GitHub - GlareDB/glaredb: GlareDB: An analytics DBMS for distributed data

About

Data exists everywhere: your laptop, Postgres, Snowflake and as files in S3. It exists in various formats such as Parquet, CSV and JSON. Regardless, there will always be multiple steps spanning several destinations to get the insights you need.

GlareDB is designed to query your data wherever it lives using SQL that you already know.

Install

Install/update glaredb in the current directory:

curl https://glaredb.com/install.sh | sh

It may be helpful to install the binary in a location on your PATH. For example, ~/.local/bin.

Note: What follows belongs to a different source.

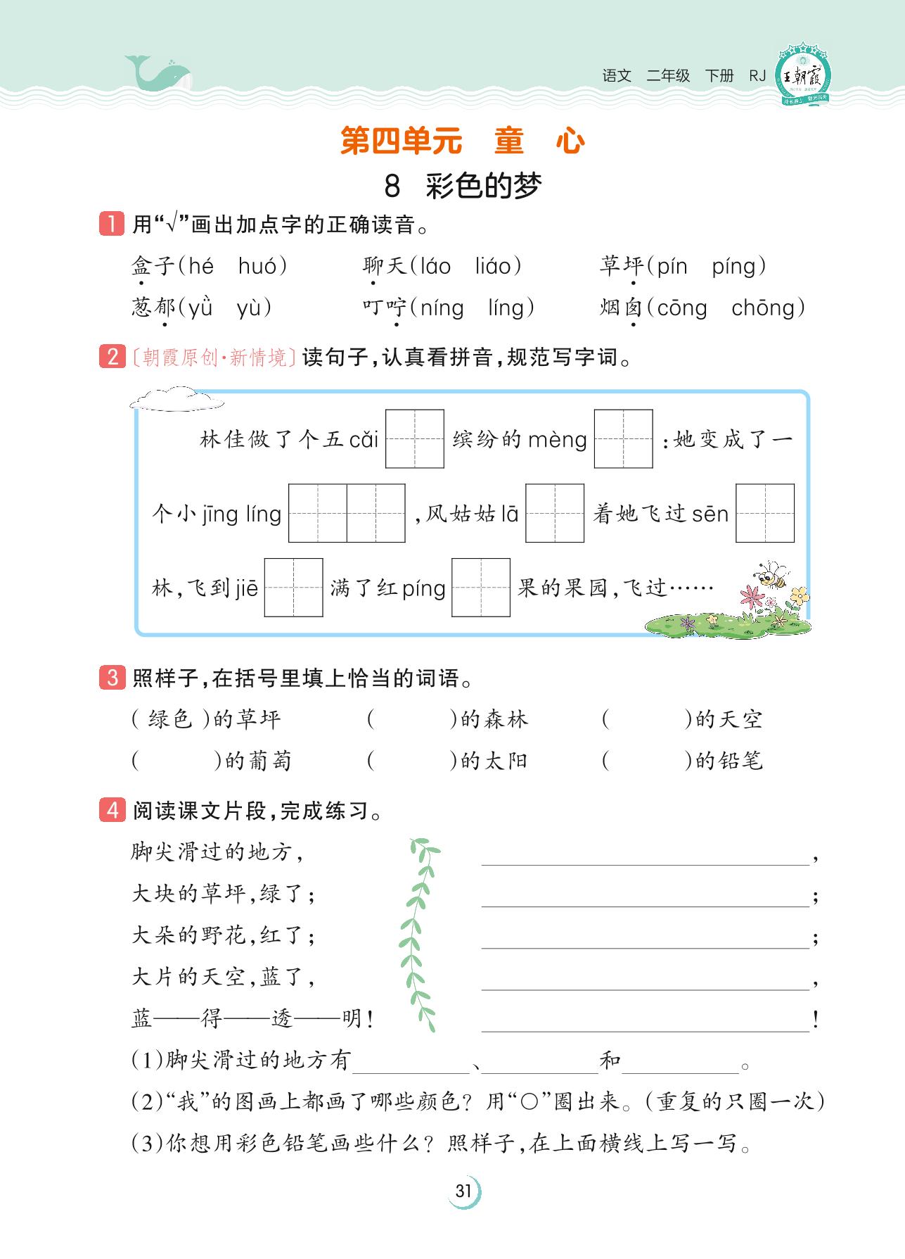 2023下册二年级语文人教版 第四单元 童心——8 彩色的梦

If you prefer manual installation, download, extract and run the GlareDB binary from a release in our releases page.

Getting Started

After Installing, get up and running with:

Local CLI

To start a local session, run the binary:

./glaredb

Or, you can execute SQL and immediately return (try it out!):

# Query a CSV on Hugging Face
./glaredb --query "SELECT * FROM \
'https://huggingface.co/datasets/fka/awesome-chatgpt-prompts/raw/main/prompts.csv';"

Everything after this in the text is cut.